Here are some things to experiment with:
All change starts with awareness. So first we need to strengthen our ability to see, feel, and notice. A great way to do this is to start integrating mindfulness practices throughout your day. These should only take 20 seconds-5 minutes (at max). Definitely integrate these as bookends (one in the morning and at night). And work to layer or associate them with things you’re already doing. Making coffee, brushing teeth, daily walk, lunch, commuting. These can be as simple as a breath exercise. Shaking leaf is one of our favorites. Or just two minutes of tapping into your senses: what is it that I see, taste, feel, hear, smell?
When you feel the urge to take over a project, take a pause. Calibrate/recalibrate how you are feeling inside. Do something regulating (ex. a mindfulness exercise, breath work, movement, a hug, drinking a sip of water). Then after you create a sense of internal safety with a regulating activity, look at the project or task again and see if it still has the same urgency. If it does, what portion of it needs to be done by you and what portion could be done by someone else?
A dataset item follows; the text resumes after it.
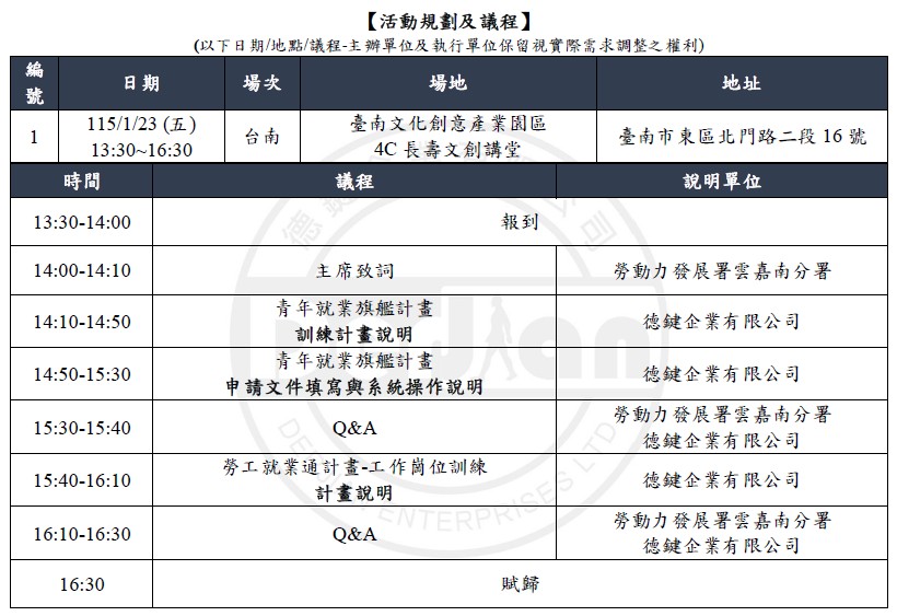 勞動部勞動力發展署為結合產業資源,提升事業單位僱用青年之意願,提供青年務實致用之職業訓練,訂定「青年就業旗艦計畫」。另勞動部為鼓勵雇主聘僱受國際情勢影響產業之失業勞工,提供客製化包裹式服務,以協助失業勞工儘早再就業或轉業,訂定「勞工就業通計畫」。 勞動部勞動力發展署雲嘉南分署特辦理計畫說明會,針對115年度「青年就業旗艦計畫」及「勞工就業通計畫-工作崗位訓練」內容進行說明,歡迎踴躍報名參加! u主辦單位:勞動部勞動力發展署雲嘉南分署 u彙管單位:德鍵企業有限公司 u報名方式 本活動不收任何費用!即日起受理報名,名額有限(額滿即停止受理報名),敬請即刻報名。
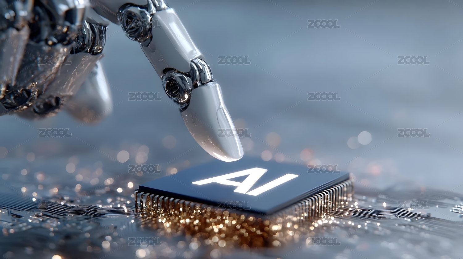 黄色台灯和黄色灯泡照射出的光交织在AI字

Acknowledge that it is hard for you to ask for help with those who are around you most frequently (a boss, a colleague, a partner, a roommate), and tell them that you are working on it. Share with them that this may mean that you show up a little different as you work to start delegating things you used to do yourself. This creates predictability, starts to change the expectations in the relationship, and gives space for experimentation.
Explore what things you’re willing to let go of. This will mean letting go of how they are done or the outcome that you get. For example, if you are more mellow about how the bed is made, ask your partner to do it in the morning. Show your kiddo how to make their own bed, knowing that you will need to let go of straight sheets or tidy pillows. When you can prep your nervous system for a different outcome, those changes will feel less threatening to you and your emotional self. Start small. Experiment with handing off tasks that are not complex or high stakes. See how it goes. Remind yourself, that these are not life or death.
Start to alter your story from “I get things done” to “I’m a leader” or “I’m a coach.” Asking yourself when you find yourself at a crossroads of doing it or delegating, “What would a coach/leader do?”
Come back to your values. What do you value? Community? Family? Collaboration? What behaviors align with those values?
Now, this is not going to be a perfect process. But this whole blog is about trying to give ourselves, and others, space to explore. There will be hiccups, missed deadlines, messy houses, irritation, melt-downs, conflict, and errors. This is how growth happens. Love yourself through them and let us know how it goes!